Material for the task:
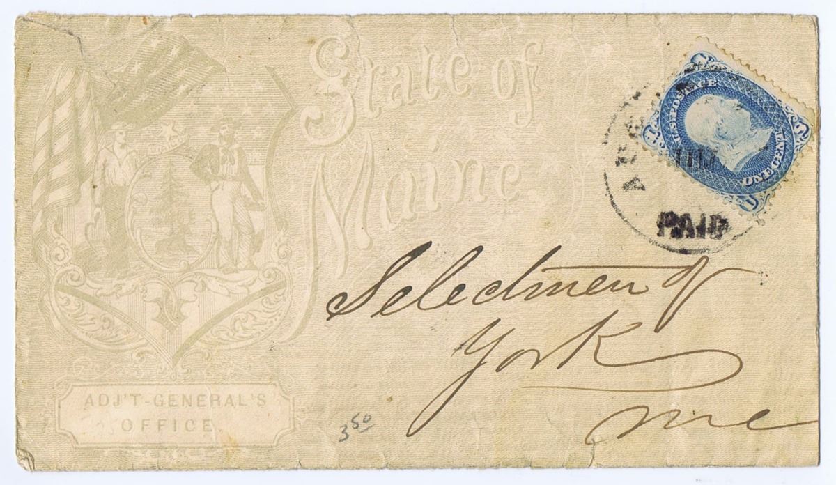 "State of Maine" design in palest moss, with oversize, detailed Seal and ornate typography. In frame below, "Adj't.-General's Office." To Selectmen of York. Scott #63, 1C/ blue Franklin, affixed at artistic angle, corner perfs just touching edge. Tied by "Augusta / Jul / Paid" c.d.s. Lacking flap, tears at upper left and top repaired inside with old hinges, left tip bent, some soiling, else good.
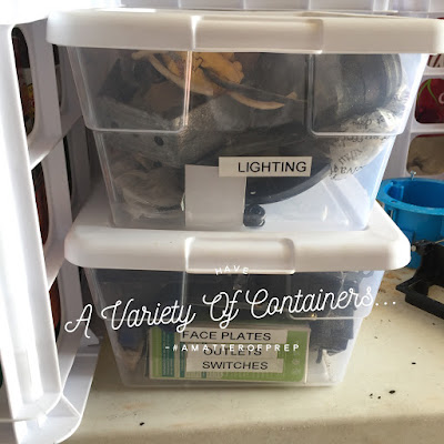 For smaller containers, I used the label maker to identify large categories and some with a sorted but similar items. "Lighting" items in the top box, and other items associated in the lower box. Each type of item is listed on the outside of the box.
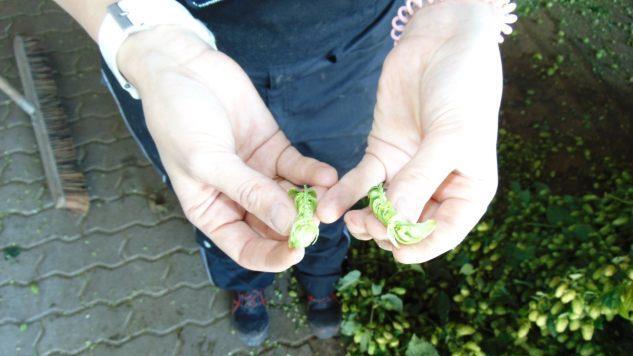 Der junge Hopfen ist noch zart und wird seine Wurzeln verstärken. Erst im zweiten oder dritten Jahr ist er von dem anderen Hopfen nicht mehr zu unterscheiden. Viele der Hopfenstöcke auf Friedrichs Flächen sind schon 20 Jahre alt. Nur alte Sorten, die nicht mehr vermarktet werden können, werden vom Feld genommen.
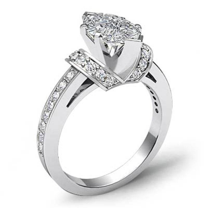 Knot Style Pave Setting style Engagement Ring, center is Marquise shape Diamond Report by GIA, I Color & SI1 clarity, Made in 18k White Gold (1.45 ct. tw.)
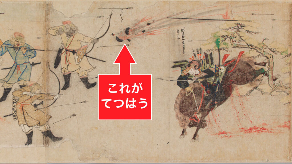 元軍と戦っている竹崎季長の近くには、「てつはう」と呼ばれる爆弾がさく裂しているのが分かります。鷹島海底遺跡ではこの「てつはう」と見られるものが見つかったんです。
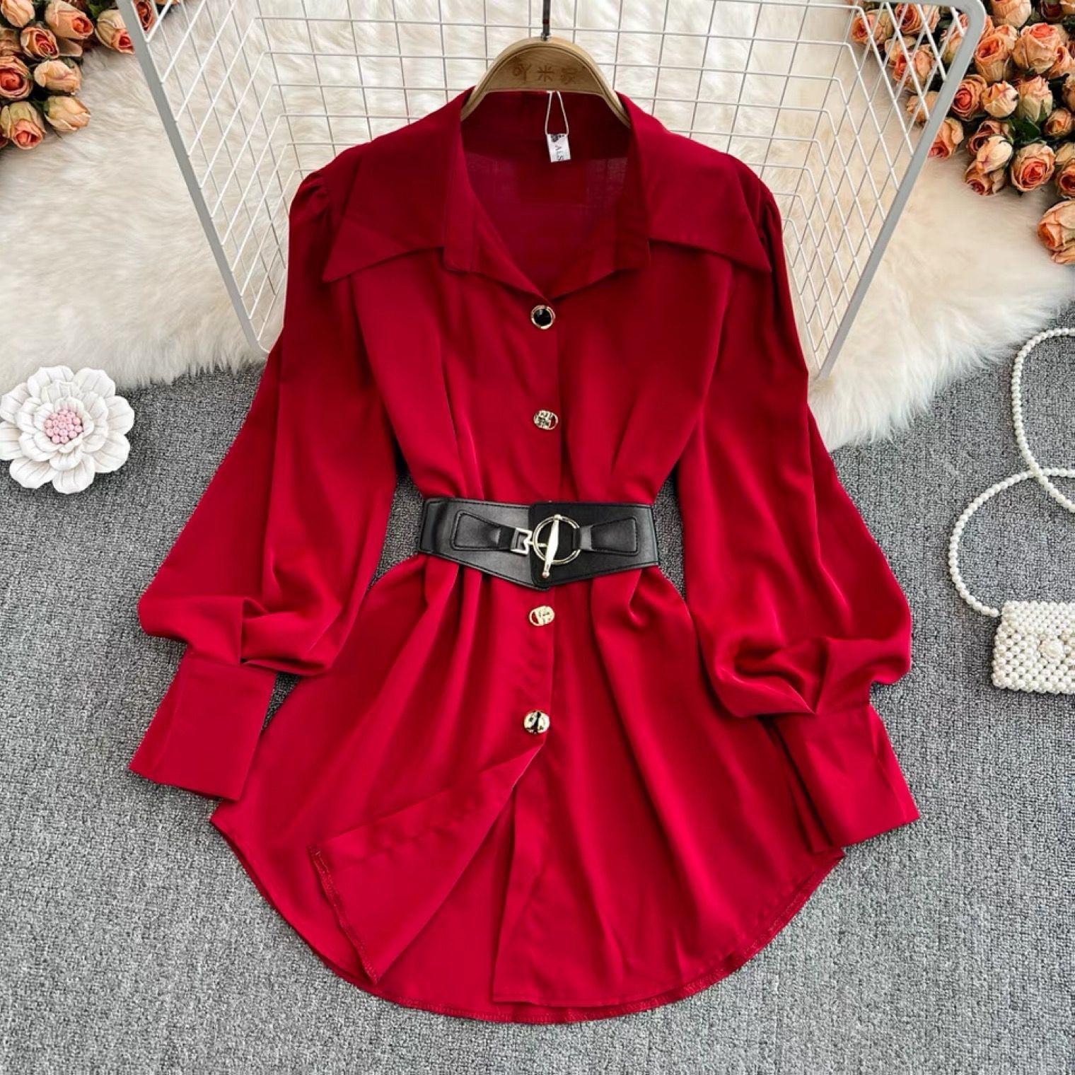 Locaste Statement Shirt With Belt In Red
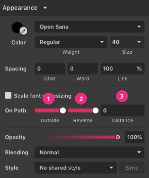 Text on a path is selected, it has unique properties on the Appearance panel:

--

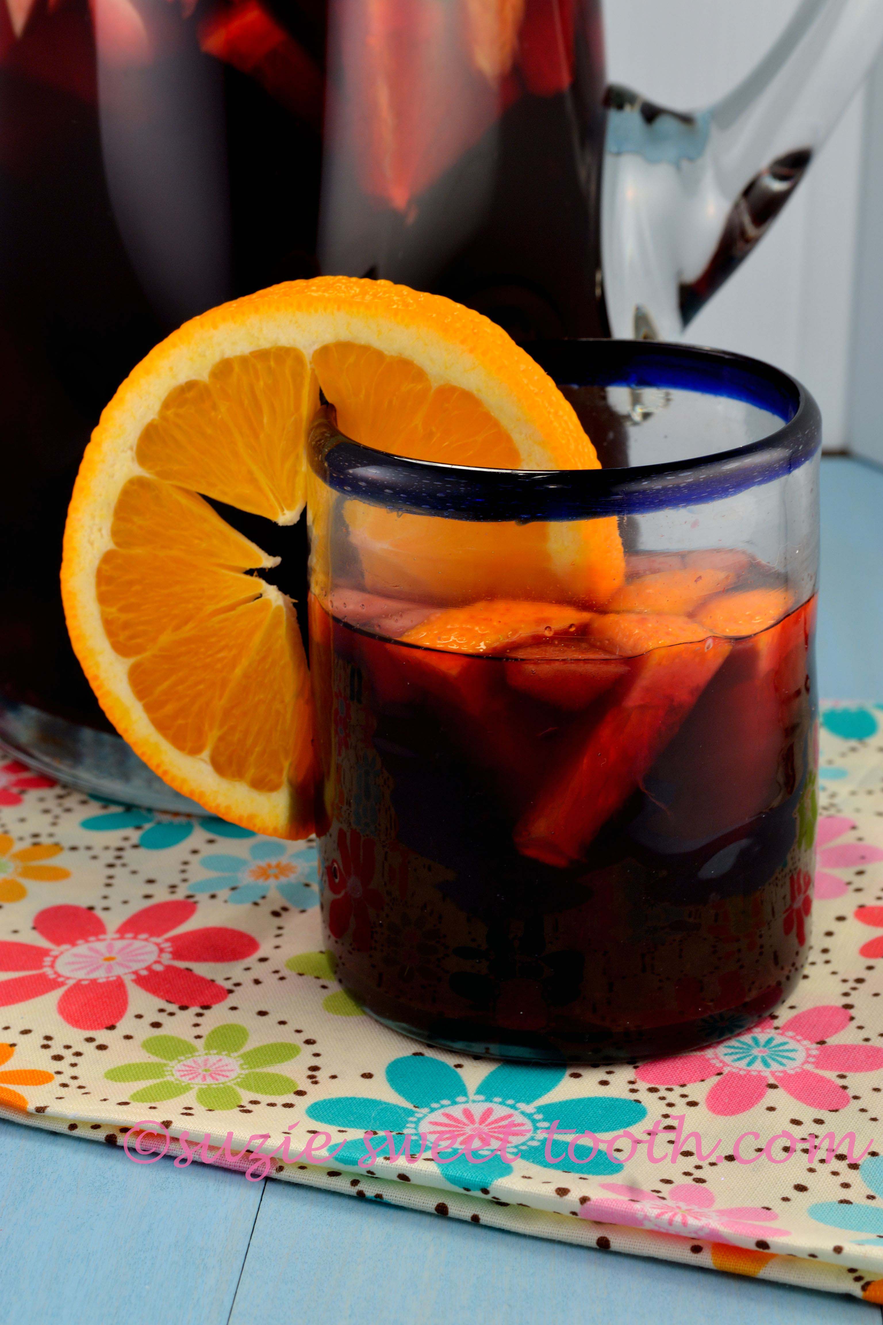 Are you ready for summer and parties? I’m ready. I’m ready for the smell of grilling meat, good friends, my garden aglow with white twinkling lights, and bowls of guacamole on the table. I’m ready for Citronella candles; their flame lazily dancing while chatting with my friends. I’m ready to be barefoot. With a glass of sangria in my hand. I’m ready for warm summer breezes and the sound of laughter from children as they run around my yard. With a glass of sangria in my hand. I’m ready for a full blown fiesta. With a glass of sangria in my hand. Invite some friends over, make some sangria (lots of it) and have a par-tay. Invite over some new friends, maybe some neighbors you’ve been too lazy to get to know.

...

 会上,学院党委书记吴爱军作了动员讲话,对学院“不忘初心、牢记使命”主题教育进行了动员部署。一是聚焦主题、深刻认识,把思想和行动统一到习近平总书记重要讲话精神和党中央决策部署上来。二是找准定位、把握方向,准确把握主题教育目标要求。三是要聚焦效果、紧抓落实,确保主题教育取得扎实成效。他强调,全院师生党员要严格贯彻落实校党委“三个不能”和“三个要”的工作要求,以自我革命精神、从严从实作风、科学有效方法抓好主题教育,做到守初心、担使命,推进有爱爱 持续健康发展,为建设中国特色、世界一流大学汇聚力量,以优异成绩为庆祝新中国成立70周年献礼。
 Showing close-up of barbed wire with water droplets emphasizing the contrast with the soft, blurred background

Assignment:
Extract the lines of the preceding material that run from the line with "会上,学院党委书记吴爱军作了" through the line with "Showing close-up of", inclusive, reproducing them exactly and adding nothing.

Solution:
 会上,学院党委书记吴爱军作了动员讲话,对学院“不忘初心、牢记使命”主题教育进行了动员部署。一是聚焦主题、深刻认识,把思想和行动统一到习近平总书记重要讲话精神和党中央决策部署上来。二是找准定位、把握方向,准确把握主题教育目标要求。三是要聚焦效果、紧抓落实,确保主题教育取得扎实成效。他强调,全院师生党员要严格贯彻落实校党委“三个不能”和“三个要”的工作要求,以自我革命精神、从严从实作风、科学有效方法抓好主题教育,做到守初心、担使命,推进有爱爱 持续健康发展,为建设中国特色、世界一流大学汇聚力量,以优异成绩为庆祝新中国成立70周年献礼。
 Showing close-up of barbed wire with water droplets emphasizing the contrast with the soft, blurred background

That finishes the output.